When tracking the information flow during execution, a program counter (pc) is used. As an example, the pc is upgraded when the program branches on a secret variable, and hence reflects the current security context, i.e. the security level of the current computation.

For a program to be of any use, it must take inputs and produce outputs. We call inputs to a program sources, and outputs from the program sinks. With this, there are two types of flows to look for in IFC: explicit and implicit flows. In explicit flows, the data flow is used to leak information by writing from a private source to a public sink. As an example, l := h has an explicit flow from the private source h to the public sink l. On the other hand, implicit flows use the control flow of a program to leak the secret to a public sink, without explicitly writing from the private source. To illustrate this, if we assume h is of boolean type, l := false; if(h) l := true; would leak the secret source h to the public sink l, without an explicit assignment between the source and the sink. With this, we can define a common security property for IFC, namely noninterference Noninterference states public output must not depend on private input. More intuitively, a program satisfies noninterference if, for all runs of a program, if the only difference between the runs are the private input, then the public output should remain the same. One of the security models of noninterference is termination insensitive noninterference(TINI), which guarantees noninterference for terminating executions of an application. In practice, this means applications that leak through the termination behaviour of a program are allowed, given it is the termination behaviour only that produces the leak. As an example, have a look at the following example.
        
/* Assuming h is a secret variable of type Number defined elsewhere.
 * Also assume the attacker can observe the output done by print. */
for(var i = Number.MIN_VALUE; i <= Number.MAX_VALUE; i++) {
    print(i);
    if(i == h) {
        while(true) { }
    }
}
        
      
Assuming print prints to a public sink which the attacker can observe, the secret value h is leaked. For each iteration, the variable i is public: it never depends on a secret. This means printing i to a public sink is always allowed. The only time the application will branch on a secret is in the if-statement if(i == h). But branching there will make the application run an infinite loop, and never terminate, indicating the last written output to the public sink will be the secret value. Since the leak only depends on the non-termination in the branch, this would be allowed for systems which employ TINI.

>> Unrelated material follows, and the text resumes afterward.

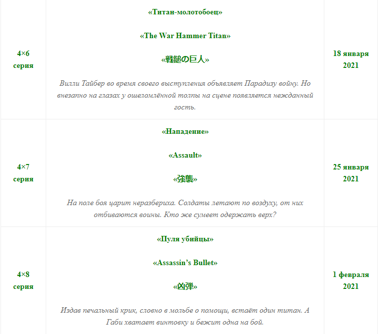 Атака титанов 4 сезон: Часть 2 – график выхода серий

To help achieve noninterference, one must handle side-effects under secret control carefully. If security labels are allowed to change under secret control, there can be implicit flows into the labels. To help prevent this, there is the concept of no sensitive upgrade (NSU). NSU states that security labels are not allowed to change under secret control. What would be the effect if labels are allowed to change under secret control? The following example illustrate this well.
        
/* For this example, we assume lo and tm to be public values.
 * hi is a secret boolean value, defined elsewhere. */
var lo = true;
var tm = true;
if(hi === true) {
    tm = false;
}
if(tm === true) {
    lo = false;
}
        
      
Lets follow the execution, and assume that there is no NSU, i.e. labels are allowed to change freely under secret control. If hi is true, then the body of the if-statement if(hi === true) will execute under secret control. When this happens, tm will be given the value false, and its label will be upgraded to the label of hi. Since tm now is false, the body of the if-statement if(tm === true) will not execute, leaving lo with the value true, and a public label.
On the other hand, if hi is false, the body of the if-statement if(hi === true) will never execute, leaving tm with the value true and a public label. This means the guard in the if-statement if(tm === true) is true, and the body will be executed. However, since tm was public, the body is executed under public control, giving lo the value false with a public label.
In both instances, the value of hi is leaked to lo, with lo keeping a public label. But with NSU, the assignment tm = false is not allowed, as it would change the label of tm under secret control. If hi is false, lo would be false and public. This is a one-bit leak that cannot be prevented with NSU.

JSFlow

JSFlow is a JavaScript interpreter which is extended with security labels on the values. It supports all the standard libraries defined in the Ecma v5 standard, but it does not support strict mode. JSFlow has the security property of TINI, and uses NSU.

If not provided by the programmer of an application, JSFlow employs a two-level lattice: public and secret, where public values are allowed to flow to secret. In principle, the lattice in JSFlow is a subset lattice, meaning that the label(s) of a sink must be a subset of the label(s) of the source. In order to label values, one must call the built-in function lbl which, given a value, will label the value. As an example, var x = lbl(42); will give the variable x the value 42, and the label T for Top, i.e. the top value of the lattice, which is secret. We can verify this by executing lprint(x);, which gives the output (<>)42_<T>, indicating the pc is public ((<>)), the value is 42, and its label is Top (<T>).
We can see the execution context change by having if(x) lprint(x);. Since x is defined, the body of the if-statement will be executed. When lprint(x) is executed, it will print (<T>)42_<T>. This is due to branching on the secret variable x will upgrade the pc to sensitive.

In JSFlow, a pure explicit flow is allowed. As an example, imagine the secret variable h and the public variable l. If we execute the program l = h in JSFlow, the label of l would simply be upgraded, as the execution context is public. Without any branching, this is always allowed.
If, however, we add an if-statement: l = false; if(h) l = true;, given h is defined to a value which can be interpreted as true, JSFlow would detect the implicit flow and prevent it.
On the other and, a combination of these can be allowed.
        
l = h; // This is allowed, and l will become secret.
if(h) {
    l = 42; // This is allowed, since l is now secret, i.e. NSU will not trigger.
}
        
      
Although there is an implicit flow to l depending on the secret value h, since l has been upgraded on the first line, it is a safe implicit flow. Similarly, JSFlow would prevent the NSU example from before as well.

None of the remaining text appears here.